Normal posix filesystem functionality is all finished - if you're using bcachefs
as a replacement for ext4 on a desktop, you shouldn't find anything missing. For
servers, NFS export support is still missing (but coming soon) and we don't yet
support quotas (probably further off).

Up until bcachefs goes upstream I reserve the right to change the on disk format
if necessary, but I'm not expecting any more incompatible disk format changes.

### Feature status

 - Full data checksumming

   Fully supported and enabled by default. We do need to implement scrubbing,
   once we've got replication and can take advantage of it.

 - Compression

   Not _quite_ finished - it's safe to enable, but there's some work left
   related to copy GC before we can enable free space accounting based on
   compressed size: right now, enabling compression won't actually let you store
   any more data in your filesystem than if the data was uncompressed

 - Tiering/writeback caching:

   Bcachefs allows you to assign devices to different tiers - the faster tier
   will effectively be used as a writeback cache for the slower tier, and
   metadata will be pinned in the faster tier.

   Basic tiering functionality works, but it's not (yet) as configurable as
   bcache's caching (e.g. you can't specify writethrough caching).

 - Replication

   All the core functionality is complete, and it's getting close to usable: you
   can create a multi device filesystem with replication, and then while the
   filesystem is in use take one device offline without any loss of
   availability.

 - [[Encryption]]

   Whole filesystem AEAD style encryption (with ChaCha20 and Poly1305) is done
   and merged. I would suggest not relying on it for anything critical until the
   code has seen more outside review, though.

 - Snapshots

   Snapshot implementation has been started, but snapshots are by far the most
   complex of the remaining features to implement - it's going to be quite
   awhile before I can dedicate enough time to finishing them, but I'm very much
   looking forward to showing off what it'll be able to do.

### Known issues/caveats

 - Mount time

   We currently walk all metadata at mount time (multiple times, in fact) - on
   flash this shouldn't even be noticeable unless your filesystem is very large,
   but on rotating disk expect mount times to be slow.

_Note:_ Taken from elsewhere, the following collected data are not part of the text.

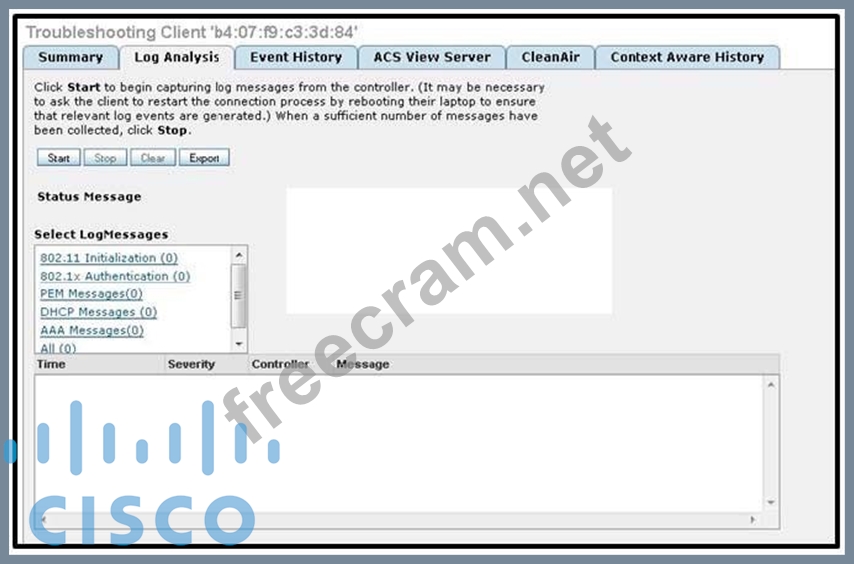 The client troubleshooting feature on Cisco WCS is very useful. You can collect the log message that is logged against a specific client on Cisco WCS. What statement about the log function in client troubleshooting is true?
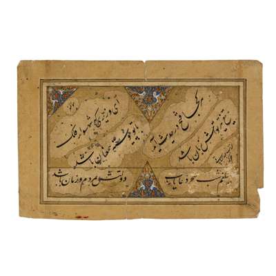 black ink and gold on paper laid down on card, the upper register with one elegant line in thuluth script, the lower register with three lines in naskh script, signed lower left; together with an OTTOMON CALLIGRAPHIC PAGE, SIGNED BY ABDUL BAQI, 18TH CENTURY (2)
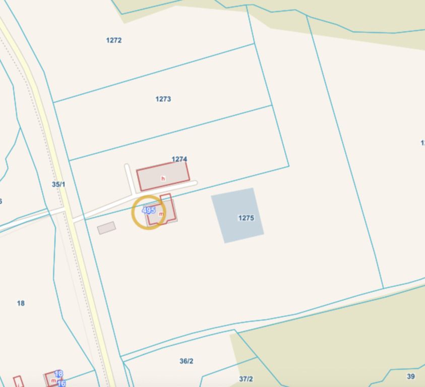- 3 cadastral plots (No. 1273, 1274, 1275)
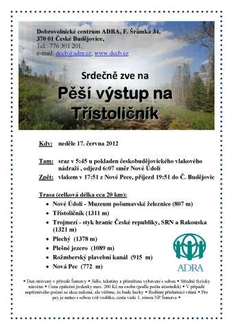 Přidejte se k nám - v neděli 17. června se společně vydáme na pěší výlet. Jsou zváni všichni, kteří jakýmkoliv způsobem podporují naše dobrovolnické centrum. Užijeme si okouzlující náladu šumavských hvozdů, protáhneme tělo, osvěžíme ducha a zajisté i vyprahlé hrdlo. Těšíme se na Vás, přiberte s sebou kamarády i rodinné příslušníky. Podrobnosti naleznete v pozvánce.
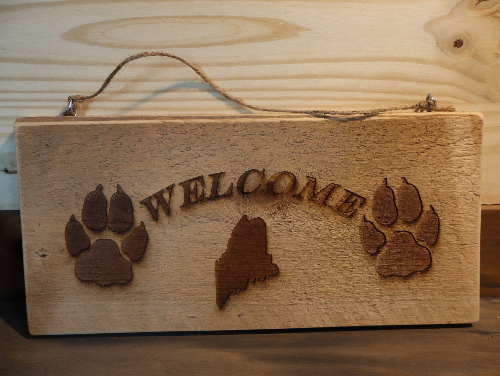 This handcrafted Dog Paw Welcome Sign features a laser-engraved silhouette of the State of Maine alongside a charming dog paw design. Made from rough-sawed wood and equipped with eye hooks for easy hanging, this 14" x 8" sign combines rustic appeal with expert craftsmanship. Perfect for adding a warm, personalized touch to your home or cabin, it celebrates Maine’s spirit and your love for dogs with durable, artisanal quality.
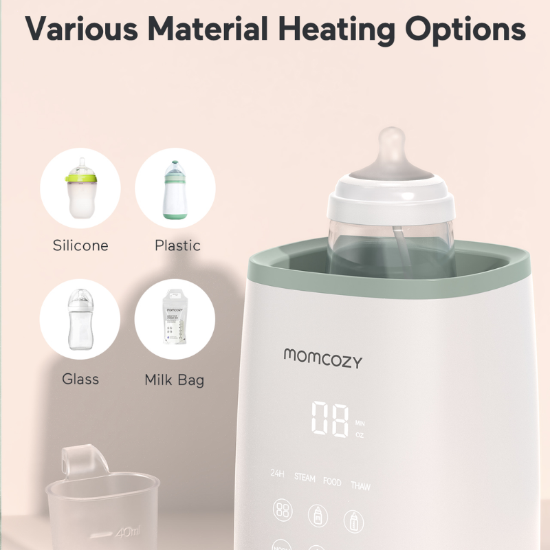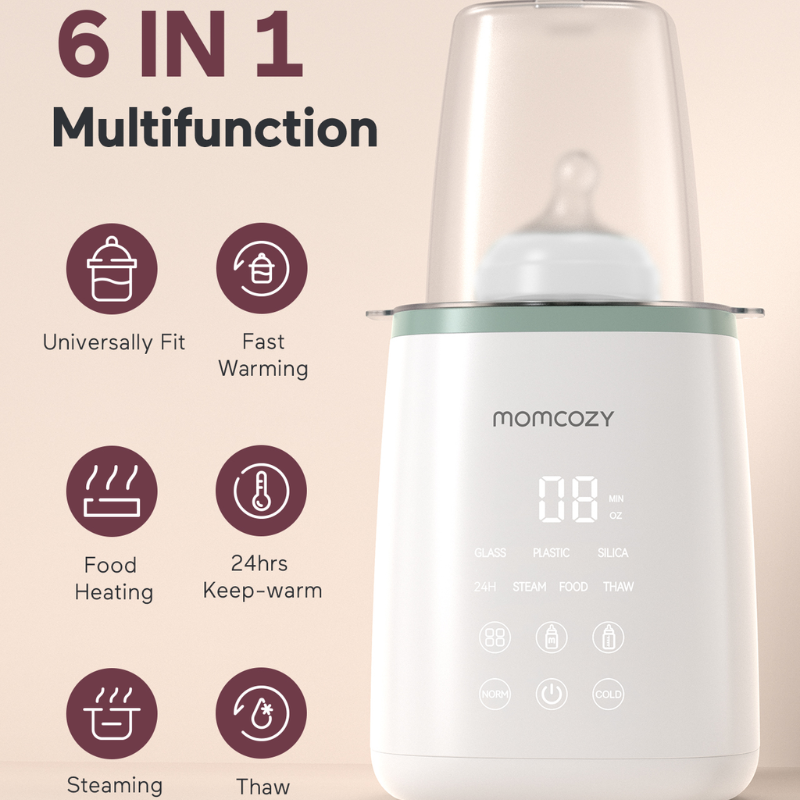 6-i-1 flaskevarmer med hurtig, skånsom opvarmning Momcozy MW01 6-i-1 hurtigt babyflaskevarmer forenkler madningen med intuitive knapper - vælg blot mælke-status, flaske materiale og volumen. Den opvarmer automatisk til den optimale temperatur, som bevarer næringsstoffer og hjælper dit barns fordøjelse.
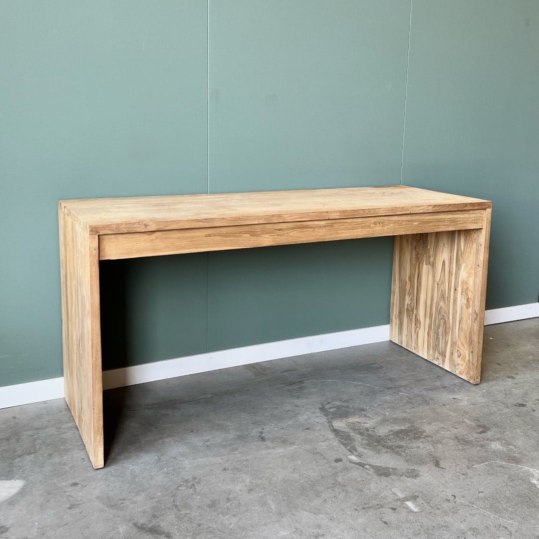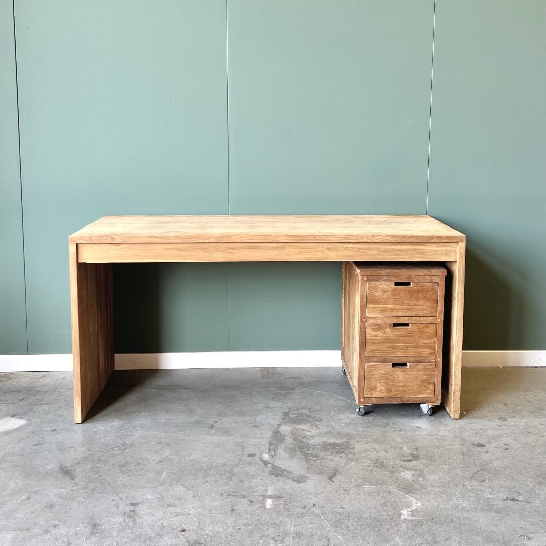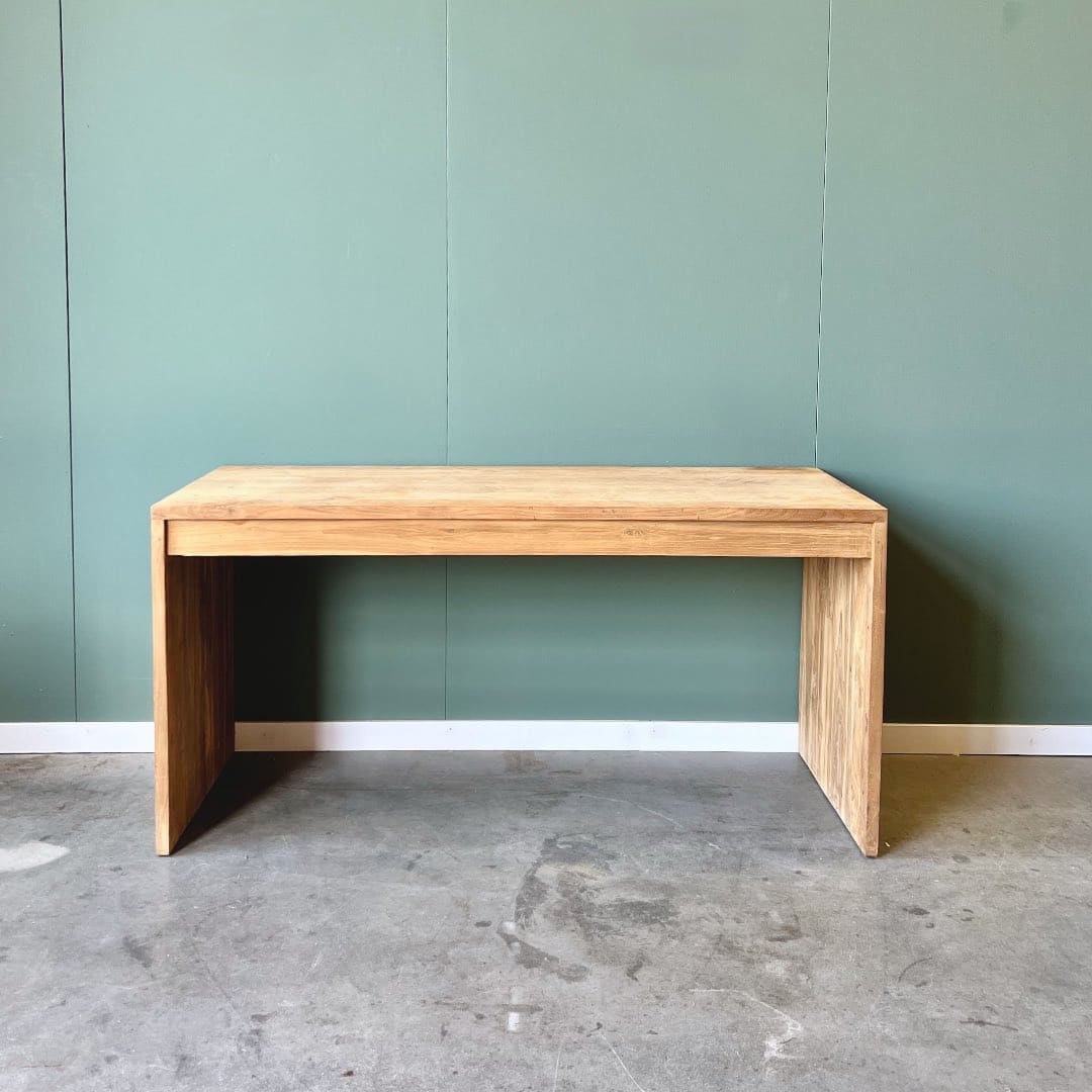 Upgrade je werkruimte met dit moderne bureau van gerecycled teakhout, FSC-gecertificeerd voor duurzame kwaliteit. Het strakke design past perfect in elk interieur, terwijl het bureau genoeg ruimte biedt voor al je werkbenodigdheden.

   This will be addressed in the future - mount times will likely be the next
   big push after the next big batch of on disk format changes.

## Todo list

### Current priorities:

 * Replication 

 * Compression is almost done: it's quite thoroughly tested, the only remaining
   issue is a problem with copygc fragmenting existing compressed extents that
   only breaks accounting.

 * NFS export support is almost done: implementing i_generation correctly
   required some new transaction machinery, but that's mostly done. What's left
   is implementing a new kind of reservation of journal space for the new, long
   running transactions.

### Other wishlist items:

 * When we're using compression, we end up wasting a fair amount of space on
   internal fragmentation because compressed extents get rounded up to the
   filesystem block size when they're written - usually 4k. It'd be really nice
   if we could pack them in more efficiently - probably 512 byte sector
   granularity.

   On the read side this is no big deal to support - we have to bounce
   compressed extents anyways. The write side is the annoying part. The options
   are:
    * Buffer up writes when we don't have full blocks to write? Highly
      problematic, not going to do this.
    * Read modify write? Not an option for raw flash, would prefer it to not be
      our only option
    * Do data journalling when we don't have a full block to write? Possible
      solution, we want data journalling anyways

 * Inline extents - good for space efficiency for both small files, and
   compression when extents happen to compress particularly well.

 * Full data journalling - we're definitely going to want this for when the
   journal is on an NVRAM device (also need to implement external journalling
   (easy), and direct journal on NVRAM support (what's involved here?)).

   Would be good to get a simple implementation done and tested so we know what
   the on disk format is going to be.